> Instructions for the task: Please copy exactly the line that contains "Sur Facebook, Ousmane" and every line after it through the end of the records, leaving the pictures out.
=== Provided information ===
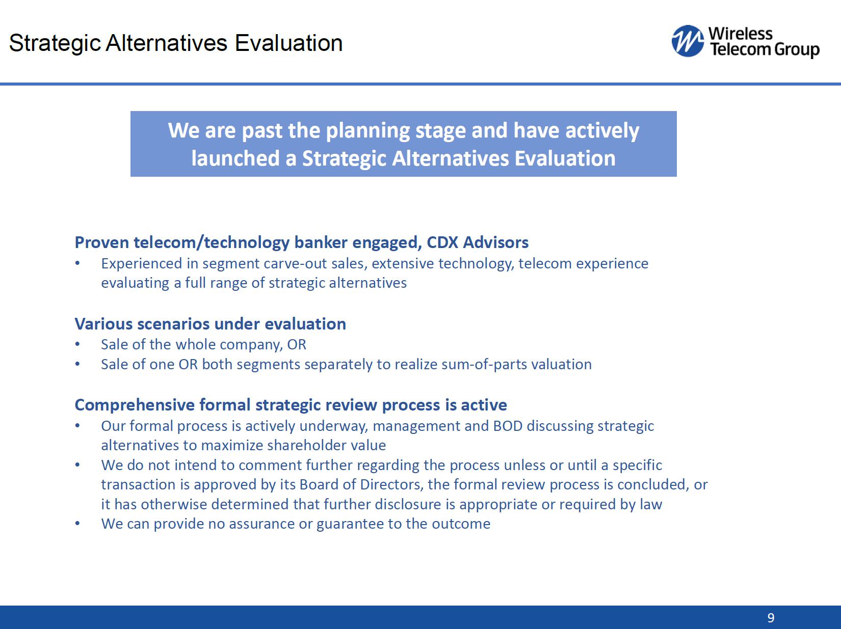 As part of Wireless Telecom Group’s strategic update, the Company has engaged an investment banking firm to explore a full range of strategic alternatives for the Company. This process is focused on enhancing value for stockholders, including, but not limited to, a transaction that sells the whole company, or separate transactions that sell each of the Company’s two segments separately to realize sum-of-parts valuation. CDX Advisors, an investment bank with deep domain expertise across the technology, media, and telecom (TMT) sectors, has been engaged to assist in the strategic alternatives process.
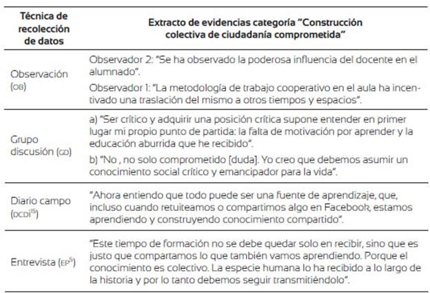 Tabla 4: Evidencias seleccionadas de la categoría "Construcción colectiva de ciudadanía comprometida"
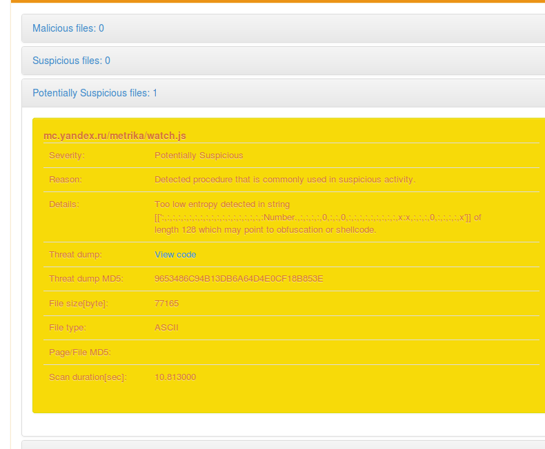 OK. Ни я, ни кто-либо из пользователей, редиректа не замечали (иначе бы обратную связь шапками закидали). Начал сканировать сервер (полностью) на вирусы и вредоносный код, ничего. Пишу, мол так и так, не понятно, где был замечен редирект, назовите, пожалуйста, страницу? На вопрос ответили вопросом — а какие запросы из поиска выпали. Ответил: да какие запросы, если сайта даже по набору домена в поиске нет, выдаются сайты упоминающие мой сайт, а моего вообще не видно. Два дня молчали, потом ответили, что мол редирект был замечен на главной. Опять начал проверять, уже сам сайт, на шеллы и вредоносный код. Ничего!
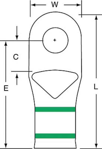 SKU G5963151CategoriesDescription One-Hole Lug Compression Connector, Barrel Size Short, Color Code Green, Die Code 11, Tongue Angle Straight, Tongue Width 0.65 in, For Conductor Material Copper, For Stud Size 5/16 in, For Stranded Copper Wire Size - Maximum 1 AWG, Inspection Hole No, Hole Center to Center Not Applicable, Material Copper, Termination Style Crimp, Seam Style Seamless, Standards CSA Certified, UL Listed, Number of Holes 1, RoHS Compliant Yes, Barrel Inside Diameter 0.36 in, Barrel Style SeamlessgraingerSKU: 2JKK5, mscSKU: , zoro_no: G5963151, mongo_id: 65bbe7439a749db82272bd2f
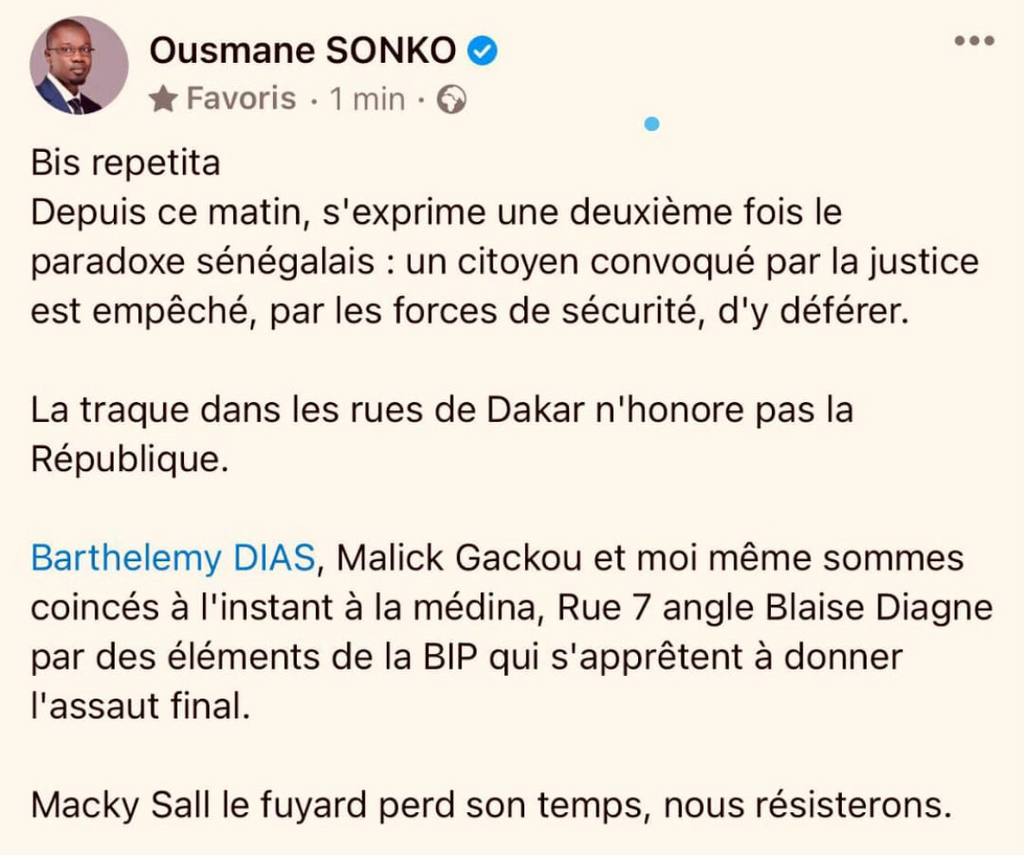 Sur Facebook, Ousmane Sonko s'est fendu d'un post pour dénoncer une situation similaire à ce qu'il a vécu en mars dernier. Barth est "coincé" depuis 10 heures du matin -heure à laquelle il devait répondre à sa convocation- dans les artères de Dakar, alors qu'il est attendu par le juge. Une situation que le leader de PASTEF décrit comme une "traque" pour "empêcher" un citoyen de déférer à une convocation par la justice.
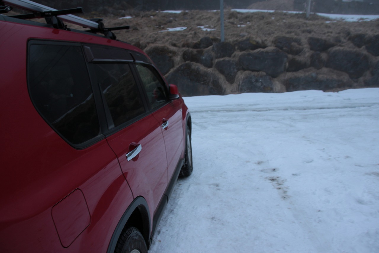 駐車場手前から雪が踏みしめられており、ハンドルを取られる。
===
> Result below:
 Sur Facebook, Ousmane Sonko s'est fendu d'un post pour dénoncer une situation similaire à ce qu'il a vécu en mars dernier. Barth est "coincé" depuis 10 heures du matin -heure à laquelle il devait répondre à sa convocation- dans les artères de Dakar, alors qu'il est attendu par le juge. Une situation que le leader de PASTEF décrit comme une "traque" pour "empêcher" un citoyen de déférer à une convocation par la justice.
 駐車場手前から雪が踏みしめられており、ハンドルを取られる。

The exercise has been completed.